- **WORK TO COMPLETE**: Using the word "been" as the filter, copy each matching line from the records.

- **SOURCE DATA**:
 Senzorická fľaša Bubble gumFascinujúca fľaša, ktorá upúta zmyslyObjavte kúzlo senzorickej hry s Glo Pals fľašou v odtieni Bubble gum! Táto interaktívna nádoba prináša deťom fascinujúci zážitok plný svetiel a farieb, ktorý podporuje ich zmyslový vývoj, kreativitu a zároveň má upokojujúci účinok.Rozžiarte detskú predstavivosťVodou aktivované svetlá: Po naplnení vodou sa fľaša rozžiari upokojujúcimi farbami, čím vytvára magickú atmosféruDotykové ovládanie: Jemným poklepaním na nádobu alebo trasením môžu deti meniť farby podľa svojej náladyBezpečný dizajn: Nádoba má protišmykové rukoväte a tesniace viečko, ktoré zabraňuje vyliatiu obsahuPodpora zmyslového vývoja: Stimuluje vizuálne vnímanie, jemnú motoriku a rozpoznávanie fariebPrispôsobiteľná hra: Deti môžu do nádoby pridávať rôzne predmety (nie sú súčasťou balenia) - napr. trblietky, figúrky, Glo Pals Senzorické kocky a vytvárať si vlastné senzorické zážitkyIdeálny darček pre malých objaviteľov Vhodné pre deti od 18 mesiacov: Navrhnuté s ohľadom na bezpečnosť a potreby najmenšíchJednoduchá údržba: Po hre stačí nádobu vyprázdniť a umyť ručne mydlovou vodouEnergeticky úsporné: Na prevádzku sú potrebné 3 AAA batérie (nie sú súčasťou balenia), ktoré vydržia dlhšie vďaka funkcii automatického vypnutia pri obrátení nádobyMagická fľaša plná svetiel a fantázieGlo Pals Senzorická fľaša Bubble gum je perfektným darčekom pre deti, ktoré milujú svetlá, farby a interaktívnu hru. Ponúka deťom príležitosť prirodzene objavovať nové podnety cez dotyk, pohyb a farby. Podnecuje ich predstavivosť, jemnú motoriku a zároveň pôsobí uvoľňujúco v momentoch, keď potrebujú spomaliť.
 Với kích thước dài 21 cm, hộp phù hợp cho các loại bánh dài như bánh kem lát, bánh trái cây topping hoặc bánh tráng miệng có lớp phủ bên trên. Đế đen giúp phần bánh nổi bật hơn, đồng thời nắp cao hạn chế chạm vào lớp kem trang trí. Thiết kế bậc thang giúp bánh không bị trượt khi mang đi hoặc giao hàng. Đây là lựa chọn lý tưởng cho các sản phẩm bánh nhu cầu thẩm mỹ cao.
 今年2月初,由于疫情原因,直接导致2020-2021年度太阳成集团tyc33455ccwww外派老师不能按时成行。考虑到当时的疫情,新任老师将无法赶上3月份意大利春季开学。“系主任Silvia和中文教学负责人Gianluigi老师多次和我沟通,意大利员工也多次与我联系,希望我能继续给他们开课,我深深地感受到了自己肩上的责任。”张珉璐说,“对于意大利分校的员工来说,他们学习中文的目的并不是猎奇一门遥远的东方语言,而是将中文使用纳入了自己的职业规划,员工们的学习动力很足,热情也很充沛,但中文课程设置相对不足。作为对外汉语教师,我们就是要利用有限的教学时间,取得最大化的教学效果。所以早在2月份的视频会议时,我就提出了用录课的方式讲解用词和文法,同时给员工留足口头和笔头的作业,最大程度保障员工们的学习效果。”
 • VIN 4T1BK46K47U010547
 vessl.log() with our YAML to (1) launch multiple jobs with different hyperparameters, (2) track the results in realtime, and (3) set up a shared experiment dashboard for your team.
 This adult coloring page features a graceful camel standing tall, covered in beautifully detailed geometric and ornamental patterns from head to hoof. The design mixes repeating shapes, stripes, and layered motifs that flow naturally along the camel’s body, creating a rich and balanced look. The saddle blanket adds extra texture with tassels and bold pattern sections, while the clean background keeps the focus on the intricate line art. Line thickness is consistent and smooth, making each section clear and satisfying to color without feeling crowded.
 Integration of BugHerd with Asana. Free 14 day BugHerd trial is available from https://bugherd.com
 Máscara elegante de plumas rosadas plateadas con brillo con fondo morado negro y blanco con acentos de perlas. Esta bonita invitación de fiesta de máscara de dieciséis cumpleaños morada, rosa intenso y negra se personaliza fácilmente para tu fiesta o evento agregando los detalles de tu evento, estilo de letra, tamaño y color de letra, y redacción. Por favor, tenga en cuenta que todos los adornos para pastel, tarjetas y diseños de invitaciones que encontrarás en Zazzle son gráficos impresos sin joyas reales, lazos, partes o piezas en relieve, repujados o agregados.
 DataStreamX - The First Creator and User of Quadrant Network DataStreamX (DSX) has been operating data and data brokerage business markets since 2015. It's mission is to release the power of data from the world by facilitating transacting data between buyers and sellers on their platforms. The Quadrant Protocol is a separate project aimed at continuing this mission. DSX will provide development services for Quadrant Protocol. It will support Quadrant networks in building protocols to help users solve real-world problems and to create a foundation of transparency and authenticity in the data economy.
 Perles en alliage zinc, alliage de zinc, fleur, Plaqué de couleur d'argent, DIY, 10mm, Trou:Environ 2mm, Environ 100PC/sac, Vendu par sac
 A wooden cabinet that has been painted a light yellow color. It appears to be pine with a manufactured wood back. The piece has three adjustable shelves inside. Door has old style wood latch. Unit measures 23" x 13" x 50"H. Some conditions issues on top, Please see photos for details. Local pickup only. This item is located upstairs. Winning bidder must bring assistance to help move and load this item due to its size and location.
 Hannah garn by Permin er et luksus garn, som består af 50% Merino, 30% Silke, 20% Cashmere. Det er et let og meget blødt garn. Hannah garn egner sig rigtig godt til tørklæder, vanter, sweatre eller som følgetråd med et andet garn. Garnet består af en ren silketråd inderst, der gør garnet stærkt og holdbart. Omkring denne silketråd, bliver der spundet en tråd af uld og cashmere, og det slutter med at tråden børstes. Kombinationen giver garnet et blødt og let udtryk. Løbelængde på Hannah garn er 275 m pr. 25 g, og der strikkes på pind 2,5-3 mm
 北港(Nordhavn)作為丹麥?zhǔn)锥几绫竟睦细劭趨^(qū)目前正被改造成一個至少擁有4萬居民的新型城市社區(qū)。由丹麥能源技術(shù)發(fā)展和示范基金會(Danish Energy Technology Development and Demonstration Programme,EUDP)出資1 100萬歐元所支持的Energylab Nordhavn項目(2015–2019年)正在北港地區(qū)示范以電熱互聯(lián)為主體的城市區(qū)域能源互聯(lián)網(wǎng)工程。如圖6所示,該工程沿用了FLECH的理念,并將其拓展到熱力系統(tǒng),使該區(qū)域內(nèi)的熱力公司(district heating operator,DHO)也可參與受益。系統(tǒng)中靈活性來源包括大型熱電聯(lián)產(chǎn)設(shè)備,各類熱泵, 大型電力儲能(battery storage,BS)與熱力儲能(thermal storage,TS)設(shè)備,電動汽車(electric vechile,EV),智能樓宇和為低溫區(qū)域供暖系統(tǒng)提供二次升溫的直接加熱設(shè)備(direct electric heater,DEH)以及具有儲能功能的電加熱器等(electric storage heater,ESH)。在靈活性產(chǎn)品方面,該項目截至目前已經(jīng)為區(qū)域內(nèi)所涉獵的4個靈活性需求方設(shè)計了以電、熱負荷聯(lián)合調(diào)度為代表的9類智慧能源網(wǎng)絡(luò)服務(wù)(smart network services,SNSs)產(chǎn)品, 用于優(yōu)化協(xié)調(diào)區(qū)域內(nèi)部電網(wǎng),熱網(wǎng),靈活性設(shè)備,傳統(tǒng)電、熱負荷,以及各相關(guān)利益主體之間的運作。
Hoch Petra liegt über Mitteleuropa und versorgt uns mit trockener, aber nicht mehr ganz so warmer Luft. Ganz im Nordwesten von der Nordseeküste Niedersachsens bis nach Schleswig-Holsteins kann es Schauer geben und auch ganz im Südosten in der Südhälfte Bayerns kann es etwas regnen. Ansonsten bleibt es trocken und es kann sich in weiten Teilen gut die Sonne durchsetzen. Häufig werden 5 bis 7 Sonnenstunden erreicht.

- **EXPECTED ANSWER**:
 DataStreamX - The First Creator and User of Quadrant Network DataStreamX (DSX) has been operating data and data brokerage business markets since 2015. It's mission is to release the power of data from the world by facilitating transacting data between buyers and sellers on their platforms. The Quadrant Protocol is a separate project aimed at continuing this mission. DSX will provide development services for Quadrant Protocol. It will support Quadrant networks in building protocols to help users solve real-world problems and to create a foundation of transparency and authenticity in the data economy.
 A wooden cabinet that has been painted a light yellow color. It appears to be pine with a manufactured wood back. The piece has three adjustable shelves inside. Door has old style wood latch. Unit measures 23" x 13" x 50"H. Some conditions issues on top, Please see photos for details. Local pickup only. This item is located upstairs. Winning bidder must bring assistance to help move and load this item due to its size and location.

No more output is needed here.